Джеймс не мог перестать улыбаться. Они так долго выбирали всевозможные имена для ребенка. Мечтали о том, как будут проводить время вместе с ним, как будут учить его и воспитывать. Как сильно будут любить своего малыша. Это были прекрасные дни.
Мэдисон
– Нам необходима гендерная проекция, которая покажет как ты будешь выглядеть, когда вырастишь, моя малышка, - ласково сказал Джеймс, обращаясь к ребёнку, с которым уже возилась Ли на операционном столе. Джеймс быстро вытер руки в резиновых перчатках о сухое полотенце и стал нажимать на кнопки, с неприятном писком проваливающиеся в ржавую консоль.
Компьютер загудел. Монитор, поскрипывая, поднялся на старом держателе вперёд, а затем направил слабый рассеянный луч света на ребёнка. На круглом выпуклом экране появилось нечёткое изображение лица. Это была девушка юного возраста с каштановыми волосами и бледным личиком. У неё были миндалевидные голубые глаза и слегка пухлые губы, как и у матери. Но как же она была похожа на него. Джеймс улыбнулся, заметив это.
– Джеймс, она твоя копия, - со слезами на глазах хрипло сказала Кэтрин, прерывисто вздохнув.
Джеймс отодвинул компьютер, поцеловал жену в лоб и осторожно взял её за руку.
Кэтрин хотела улыбнуться, но не нашла больше сил.
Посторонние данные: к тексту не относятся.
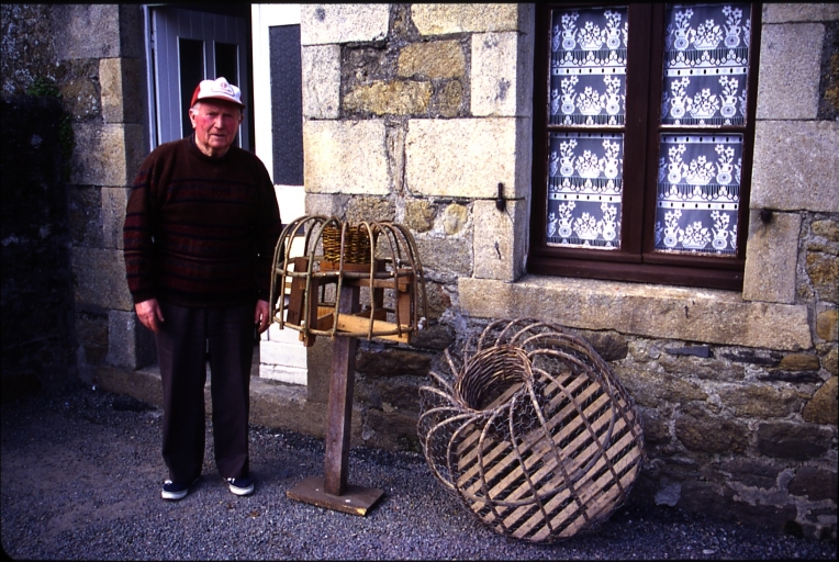 Le gabarit pour fabriquer les casiers à homards a été confectionné par Maurice Aubin (dit Pierre Aubin) vers 1985. Cependant, ce type de gabarit était utilisé à St-Jacut depuis le 1er quart du 20ème siècle pour les casiers à homards. On retrouve ce type de casier en osier, en rejets d'orme ou en châtaignier, avec ces formes cylindriques sur la côte Nord de Bretagne depuis la fin du 19ème siècle, avant l'introduction du casier en plastique ou en métal. Les casiers devaient être trempés longtemps dans l'eau de mer parce que les grands crustacés n'aimaient pas l'odeur du bois vert. Les homards étaient conservés dans des viviers en bois, appelés 'épargnes' à St-Jacut (témoignage de Pierre Aubin).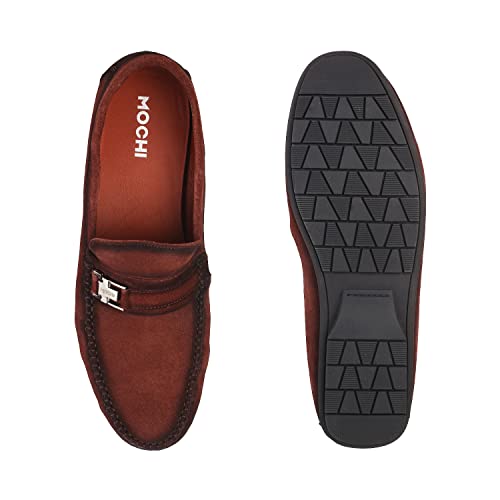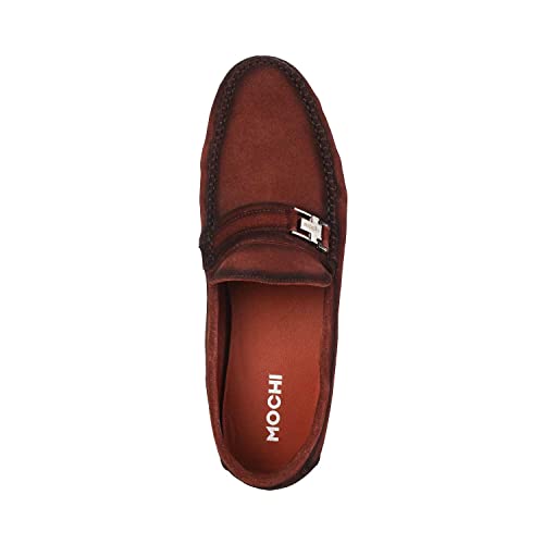 LOUIS STITCH Formal Loafer Shoes for Men| Slip-On Moccasins with Embossed Detailing | Solid Russet Tan | Ideal for Business, Casual, Parties (LSRGMCSQGY)

Её рот вдруг искривился от боли, а глаза расширились и потемнели. Её рука метнулась к сердцу, а дыхание стало тяжёлым и прерывистым.
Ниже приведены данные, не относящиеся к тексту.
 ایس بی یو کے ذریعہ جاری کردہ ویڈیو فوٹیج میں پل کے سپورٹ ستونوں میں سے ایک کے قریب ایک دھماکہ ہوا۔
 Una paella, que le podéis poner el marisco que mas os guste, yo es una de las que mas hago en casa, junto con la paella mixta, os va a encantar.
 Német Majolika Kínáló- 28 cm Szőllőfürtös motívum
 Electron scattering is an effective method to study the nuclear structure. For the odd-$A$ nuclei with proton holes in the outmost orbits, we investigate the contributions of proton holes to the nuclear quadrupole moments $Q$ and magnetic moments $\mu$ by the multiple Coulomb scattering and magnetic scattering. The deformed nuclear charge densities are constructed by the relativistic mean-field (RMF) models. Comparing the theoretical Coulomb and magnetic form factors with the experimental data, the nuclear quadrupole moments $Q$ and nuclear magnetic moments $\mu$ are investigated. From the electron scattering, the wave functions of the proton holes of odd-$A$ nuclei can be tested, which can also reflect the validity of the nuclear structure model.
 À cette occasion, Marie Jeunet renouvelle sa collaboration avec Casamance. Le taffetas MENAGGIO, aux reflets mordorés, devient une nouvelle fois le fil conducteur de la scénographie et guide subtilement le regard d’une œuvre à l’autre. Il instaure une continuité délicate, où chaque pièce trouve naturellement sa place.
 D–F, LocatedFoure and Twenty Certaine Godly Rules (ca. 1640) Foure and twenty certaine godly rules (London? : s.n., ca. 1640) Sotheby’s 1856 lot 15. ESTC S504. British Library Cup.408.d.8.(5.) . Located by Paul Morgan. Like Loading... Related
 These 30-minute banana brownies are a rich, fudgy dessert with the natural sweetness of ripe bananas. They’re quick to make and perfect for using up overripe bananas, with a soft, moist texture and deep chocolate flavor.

– Я прошу тебя, Джеймс, - прошептала Кэтрин, с ужасом глядя на мужа.
– Мне не очень хорошо...
Смит распахнул глаза. Неужели случилось то, чего он больше всего боялся?! Джеймс резко повернулся к Ли, та уже бежала к Кэтрин.
Несчастная Кэтрин дрожала, и её глаза метались из стороны в сторону, лицо и губы были почти белыми. Ли мгновенно всё поняла.
– Остановка сердца, Джеймс!
– в отчаянии крикнула Мэдисон. Смит повернулся к жене, затем посмотрел на ребёнка.
– Ли, быстро унеси ребёнка. Я справлюсь, - хрипло прошептал Джеймс, одевая на лицо белую маску и ощущая странное головокружение.
***
Смотритель Убежища, Альфонс Альмодовар, был мужчиной средних лет, скупым на эмоции, чем-то интересным внешне и очень придирчивым по характеру. Он пытливо всматривался в лицо Джеймса на протяжении нескольких долгих минут, пока Смит сидел в глубоком кресле напротив большого стола. Огромный лакированный стол был заставлен многочисленными ровно сложенными стопками бумаг. Здесь, в чистом и аккуратном кабинете Смотрителя, было не так много мебели: металлические стеллажи с папками и книгами у стен, стеклянные шкафы и мягкая мебель, слегка поеденная молью. Огромный терминал мигал зелеными мониторами позади полукруглого деревянного стола.
Джеймс скользнул взглядом по пресс-папье и двум толстым книгам, что лежали на столе у Смотрителя и про себя отметил весьма педантично разложенные по своим ячейкам канцелярские предметы в подставке для ручек. Когда Смит оторвал взгляд от стола, то тут же наткнулся на выжидательный взгляд светло-зеленых глаз Смотрителя Убежища.
У Альмодовара была смуглая кожа, тёмные, уже кое-где с сединой волосы и бородка на крепком подбородке. Во всём внешнем виде Альфонса так и читалась железная непоколебимость. И в том, что Смотритель был сложным человеком, Джеймс ни на минуту не сомневался.
Смит покрепче прижал к груди младенца, закутанного в многочисленные выцветшие тряпки, и нахмурился.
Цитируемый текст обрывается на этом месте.